• _WORK REQUIRED_: Only one stretch of the records below should be repeated. It starts with the line containing "Edytor tapety: Jamnik" and goes on through the line containing "ウィンドウぺーンチェックをア", exactly as written.

MATERIAL TO PROCESS START

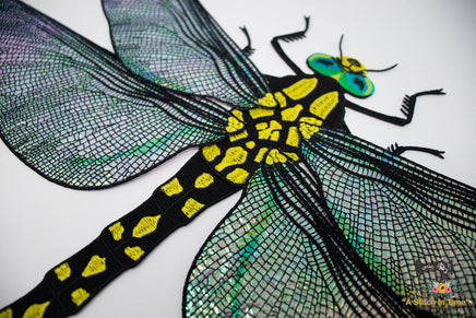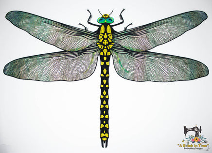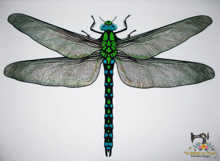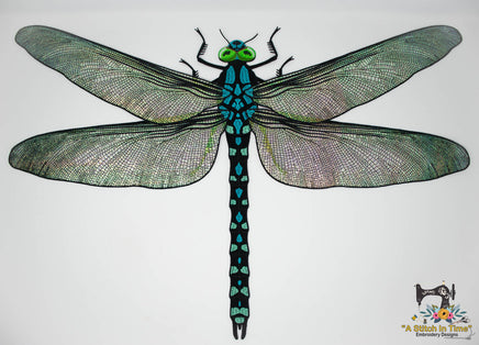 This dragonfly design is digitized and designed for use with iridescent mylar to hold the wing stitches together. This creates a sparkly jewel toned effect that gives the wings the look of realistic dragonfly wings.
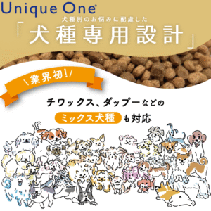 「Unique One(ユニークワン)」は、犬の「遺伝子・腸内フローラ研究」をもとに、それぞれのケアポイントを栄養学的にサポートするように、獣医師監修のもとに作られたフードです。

MATERIAL TO PROCESS END
MATERIAL TO PROCESS START

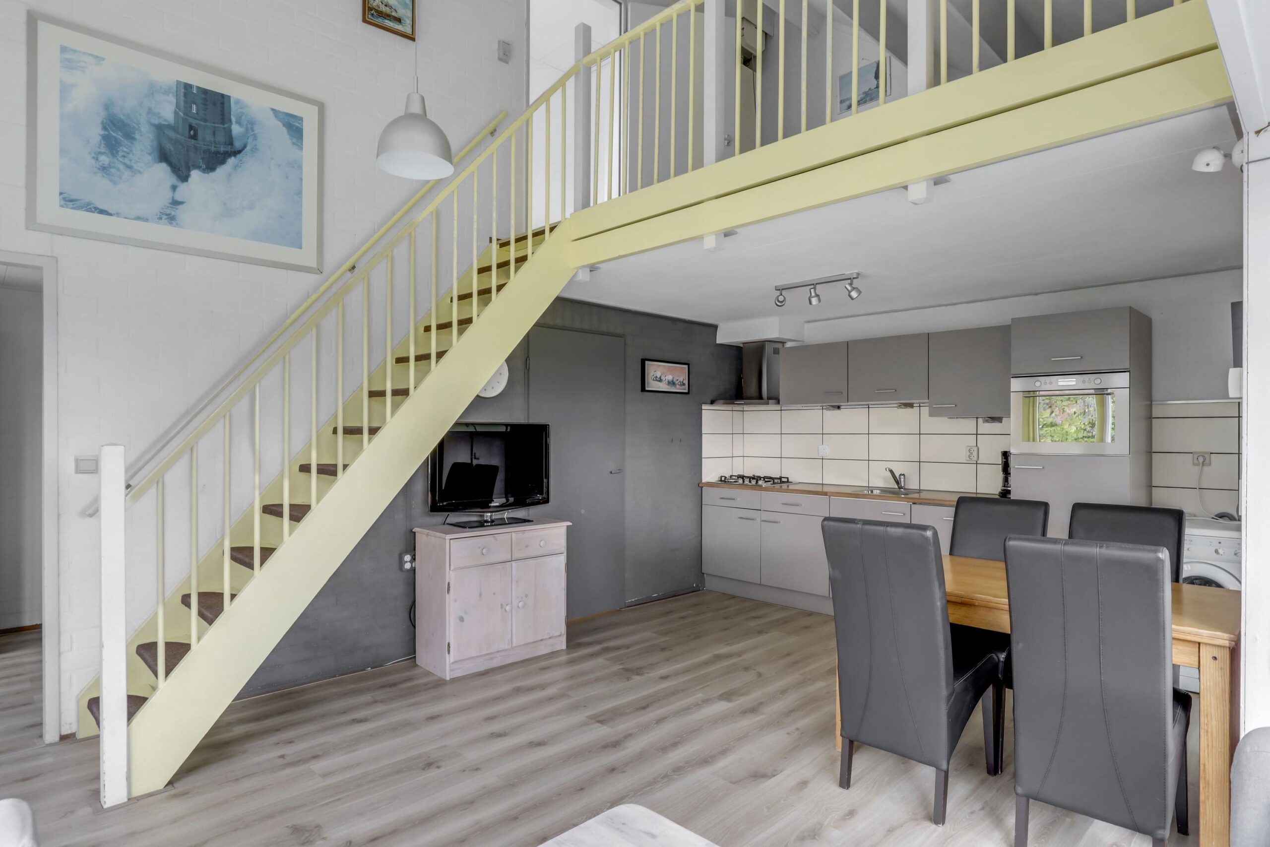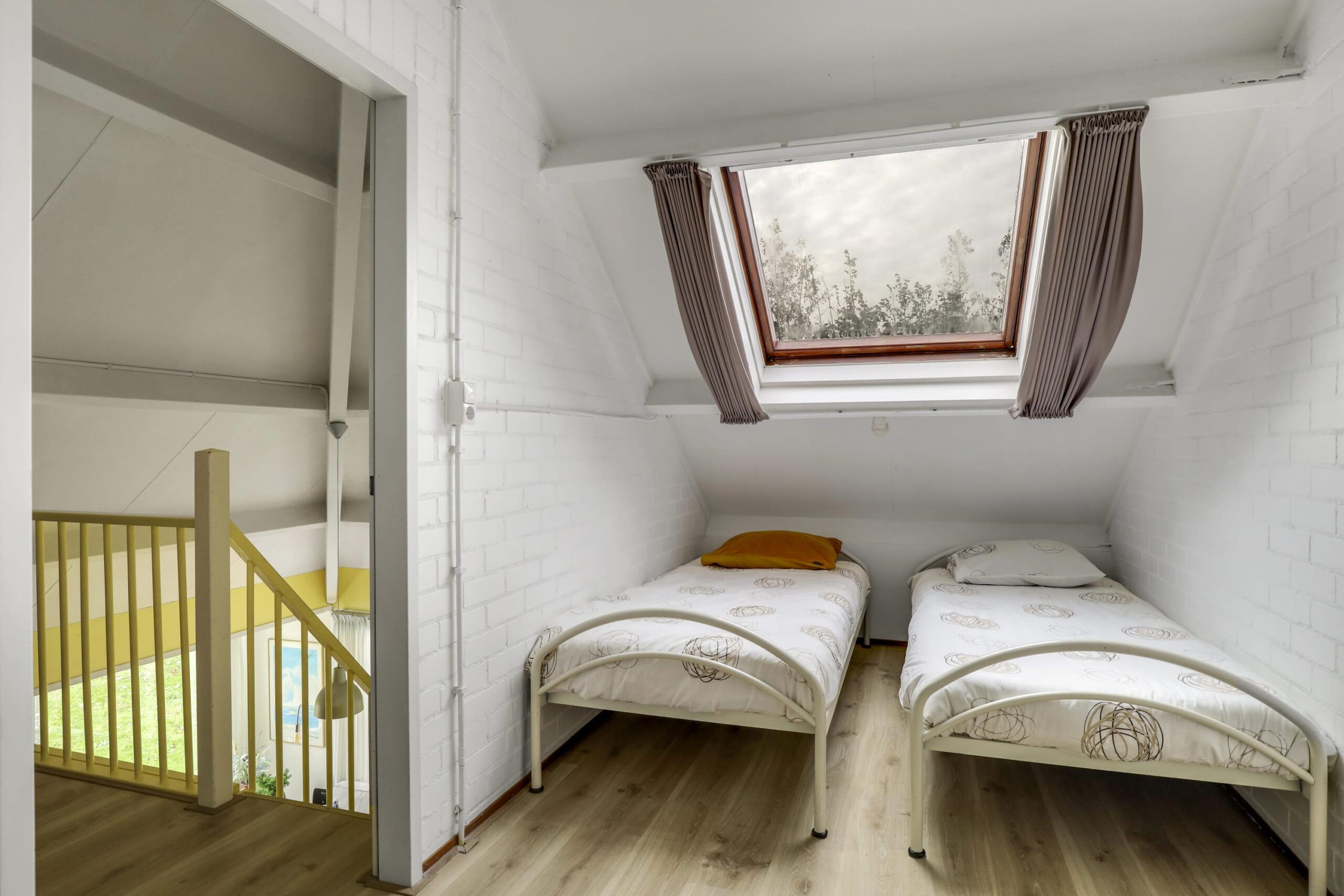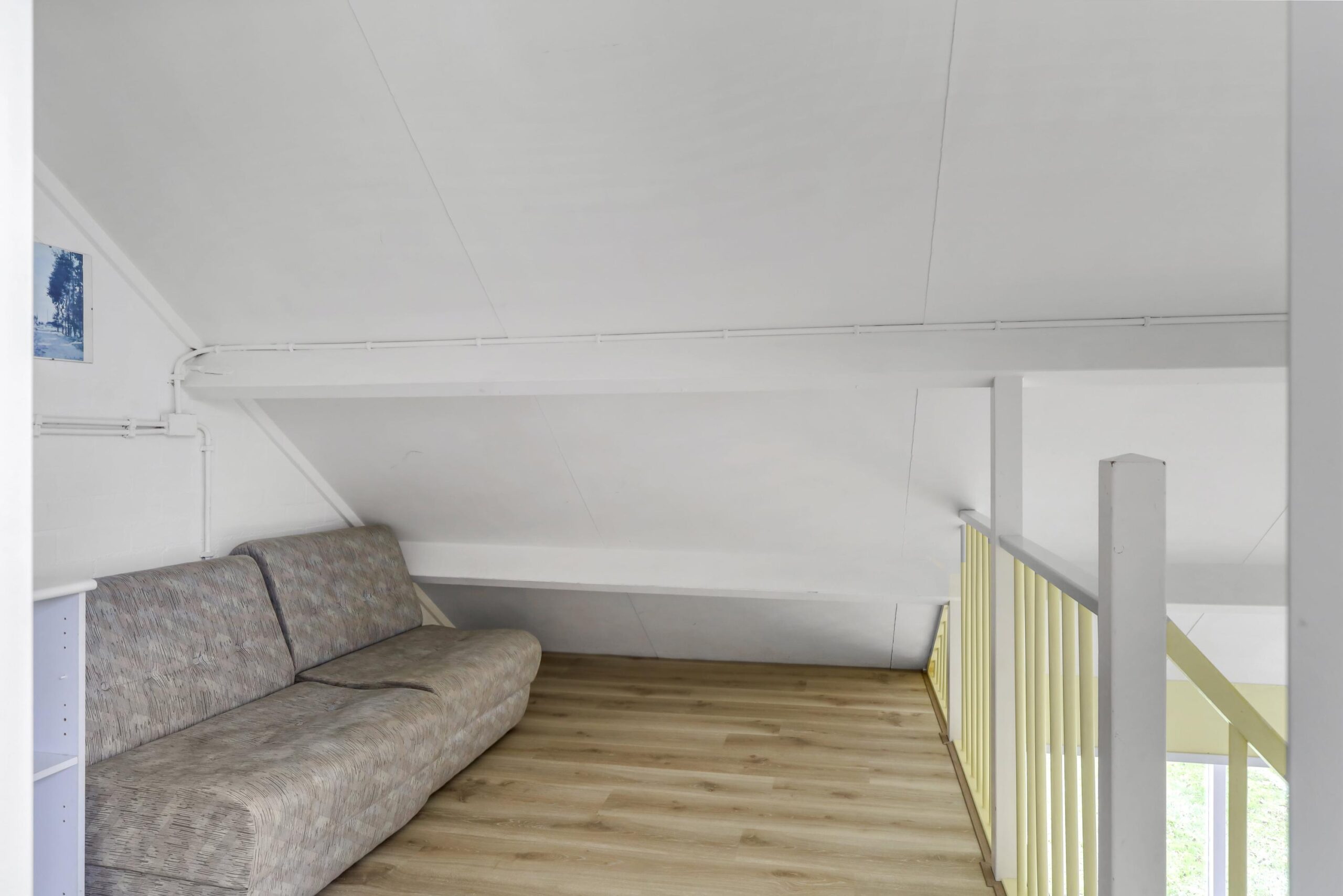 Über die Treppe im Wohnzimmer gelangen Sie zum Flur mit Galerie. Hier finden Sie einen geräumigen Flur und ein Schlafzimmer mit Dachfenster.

MATERIAL TO PROCESS END
MATERIAL TO PROCESS START

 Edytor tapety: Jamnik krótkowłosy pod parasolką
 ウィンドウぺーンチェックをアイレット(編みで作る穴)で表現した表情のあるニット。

MATERIAL TO PROCESS END

• _RESULT_:
 Edytor tapety: Jamnik krótkowłosy pod parasolką
 ウィンドウぺーンチェックをアイレット(編みで作る穴)で表現した表情のあるニット。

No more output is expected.